» **Your assignment**:
Find, in the records below, the line that contains "(来源:宁波市商务委)202" and the line that contains "Birth Flower Keychain". Copy those two lines and everything between them exactly, but not the pictures.

» **The records**:
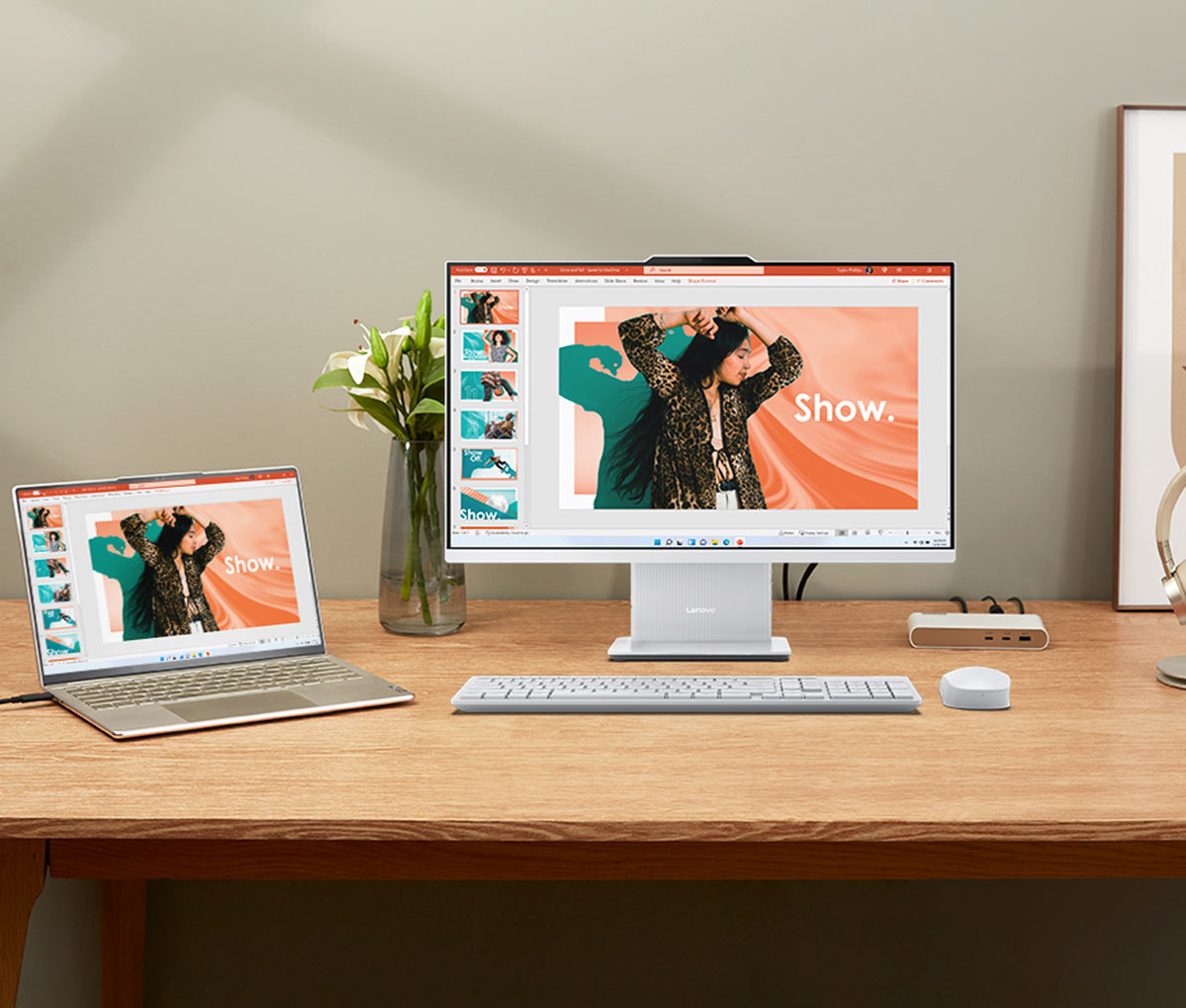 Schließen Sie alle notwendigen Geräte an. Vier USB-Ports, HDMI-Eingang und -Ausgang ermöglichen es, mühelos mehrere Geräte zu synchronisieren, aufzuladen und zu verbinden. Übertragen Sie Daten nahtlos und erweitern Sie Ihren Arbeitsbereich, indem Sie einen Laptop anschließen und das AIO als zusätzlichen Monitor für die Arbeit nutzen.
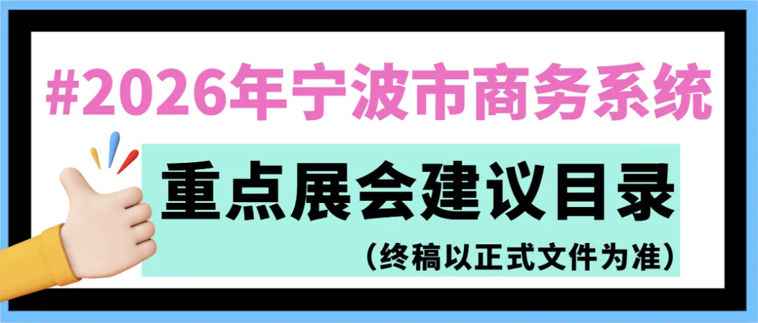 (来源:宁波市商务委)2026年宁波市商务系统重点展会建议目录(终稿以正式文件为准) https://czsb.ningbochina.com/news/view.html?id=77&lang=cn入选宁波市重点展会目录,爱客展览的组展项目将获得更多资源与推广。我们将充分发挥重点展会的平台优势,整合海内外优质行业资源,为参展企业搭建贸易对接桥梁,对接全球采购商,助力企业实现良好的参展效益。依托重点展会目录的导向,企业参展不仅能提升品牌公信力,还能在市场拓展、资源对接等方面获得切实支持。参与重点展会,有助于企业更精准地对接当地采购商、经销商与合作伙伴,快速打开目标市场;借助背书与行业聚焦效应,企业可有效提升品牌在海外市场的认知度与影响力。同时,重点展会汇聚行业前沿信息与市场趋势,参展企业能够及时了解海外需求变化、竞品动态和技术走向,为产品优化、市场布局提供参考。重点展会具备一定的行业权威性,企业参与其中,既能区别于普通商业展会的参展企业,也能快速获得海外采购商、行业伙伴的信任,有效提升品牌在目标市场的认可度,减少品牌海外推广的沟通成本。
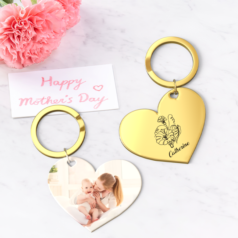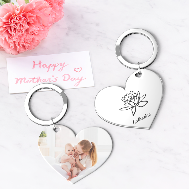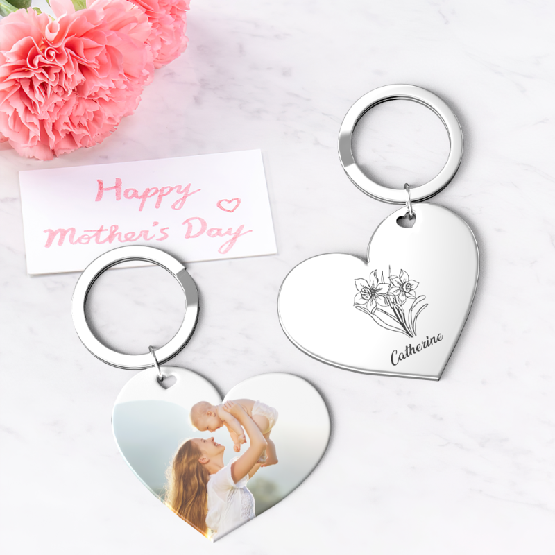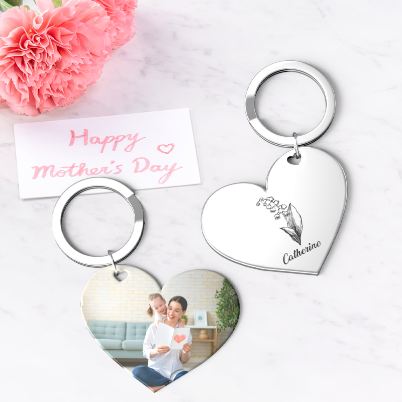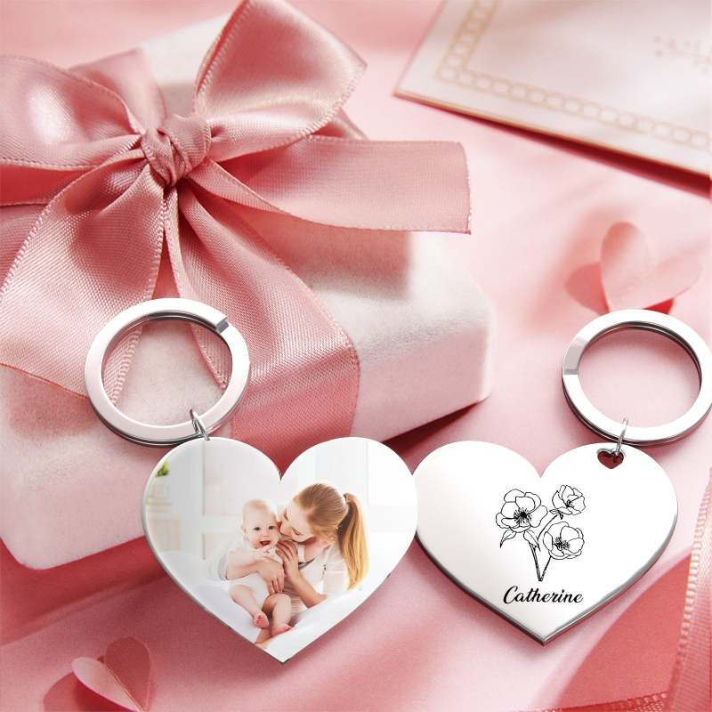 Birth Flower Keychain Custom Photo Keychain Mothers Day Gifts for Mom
...
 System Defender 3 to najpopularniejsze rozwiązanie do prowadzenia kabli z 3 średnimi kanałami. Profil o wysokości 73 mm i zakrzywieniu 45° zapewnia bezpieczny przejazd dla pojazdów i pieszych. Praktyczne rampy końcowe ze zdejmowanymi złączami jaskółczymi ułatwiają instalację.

» **Output below**:
 (来源:宁波市商务委)2026年宁波市商务系统重点展会建议目录(终稿以正式文件为准) https://czsb.ningbochina.com/news/view.html?id=77&lang=cn入选宁波市重点展会目录,爱客展览的组展项目将获得更多资源与推广。我们将充分发挥重点展会的平台优势,整合海内外优质行业资源,为参展企业搭建贸易对接桥梁,对接全球采购商,助力企业实现良好的参展效益。依托重点展会目录的导向,企业参展不仅能提升品牌公信力,还能在市场拓展、资源对接等方面获得切实支持。参与重点展会,有助于企业更精准地对接当地采购商、经销商与合作伙伴,快速打开目标市场;借助背书与行业聚焦效应,企业可有效提升品牌在海外市场的认知度与影响力。同时,重点展会汇聚行业前沿信息与市场趋势,参展企业能够及时了解海外需求变化、竞品动态和技术走向,为产品优化、市场布局提供参考。重点展会具备一定的行业权威性,企业参与其中,既能区别于普通商业展会的参展企业,也能快速获得海外采购商、行业伙伴的信任,有效提升品牌在目标市场的认可度,减少品牌海外推广的沟通成本。
 Birth Flower Keychain Custom Photo Keychain Mothers Day Gifts for Mom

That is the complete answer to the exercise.